How to Handle the Issue of a TiKV Node's IO Being Fully Occupied

Note:
This topic has been translated from a Chinese forum by GPT and might contain errors.

Original topic: 一个tikv节点的io占满,如何处理这个问题

| username: TiDBer_Y2d2kiJh

[TiDB Usage Environment] Production Environment / Testing / PoC
[TiDB Version] v5.4.0 2tidb 3pd 3tikv
[Reproduction Path] One TiKV’s IO is always full, causing all business queries to slow down, and all select query statements have been killed.
[Encountered Problem: Problem Phenomenon and Impact]
[Resource Configuration] Go to TiDB Dashboard - Cluster Info - Hosts and take a screenshot of this page
[Attachment: Screenshot/Log/Monitoring]

| username: TiDBer_oHSwKxOH | Original post link

Post the topsql seen on the dashboard.

| username: TiDBer_oHSwKxOH | Original post link

You see, the visualization interface can see the triggers.

| username: TiDBer_Y2d2kiJh | Original post link

Is there any way to reduce the IO of this TiKV first?

| username: TiDBer_Y2d2kiJh | Original post link

Currently, the business query volume is not high.

| username: TiDBer_oHSwKxOH | Original post link

Your business, as I see it, is mostly statistical. If you also have settlement TP settlement business, it needs to be separated.

| username: TiDBer_oHSwKxOH | Original post link

The image is not visible. Please provide the text you need translated.

| username: TiDBer_oHSwKxOH | Original post link

Please post the machine configuration in the thread. It’s impossible to play with a regular mechanical disk. In the cloud, the type of storage is very important.

| username: 像风一样的男子 | Original post link

Is only one KV’s CPU high? Are the others normal? Check if there are any errors in this KV’s logs.

| username: ShawnYan | Original post link

Did Boss Jiang use a secondary account?


The post is missing details on machine configuration and specific descriptions of the phenomenon.
Is it only this one TiKV that is slow, or are other TiKVs also slow? Are you sure it’s this SQL causing it?
Is it a typical read hotspot issue?

| username: 有猫万事足 | Original post link

Using topsql to see which statements are consuming IO and then optimizing them is a reliable approach.

However, it seems you are not concerned about the cause and just want to immediately reduce IO. :joy:
In that case, evicting the leader on this TiKV might be more reliable.

| username: zhanggame1 | Original post link

First, confirm whether the disk I/O is caused by the TiKV process and not by other services running on it. Then check the IOPS and read/write volume to see if the I/O is indeed high and not due to a hard disk issue.

| username: redgame | Original post link

Check the status of the TiKV nodes to confirm if there are any hardware failures or network issues, as these could lead to sustained I/O saturation.

| username: TiDBer_vfJBUcxl | Original post link

Use the iotop command to observe which process has a high I/O percentage.

| username: TiDBer_oHSwKxOH | Original post link

TiDB’s distributed database can either improve machine performance by addition or reduce business reads and optimize SQL by subtraction.

| username: TiDBer_Y2d2kiJh | Original post link

Before planning to restart the cluster, I did a dumpling backup (because the data volume is not large). During the dumpling backup, the IO of this node was released, and I don’t know the reason.

| username: 有猫万事足 | Original post link

A bit mysterious. :joy: But as long as it solves the problem, it’s good.

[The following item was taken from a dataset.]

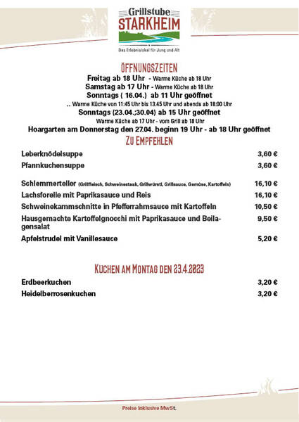 .. Warme Küche von 11:45 Uhr bis 13.45 Uhr und abends ab 18:00 Uhr

| username: TiDBer_Y2d2kiJh | Original post link

The same situation as yesterday has occurred again.

| username: 扬仔_tidb | Original post link

1: First, determine if it’s a system failure.
2: Use topsql to check if the execution plan involves scanning too many rows.
3: Check if there are a large number of writes or queries causing hot data; this can be found in the dashboard.
4: See if this parameter helps: TiKV 配置文件描述 | PingCAP 归档文档站

| username: TiDB_C罗 | Original post link

  1. Confirm which process is causing the I/O.
  2. Further address the issue accordingly.
  3. If it’s TiDB, check the heatmap for a clear view.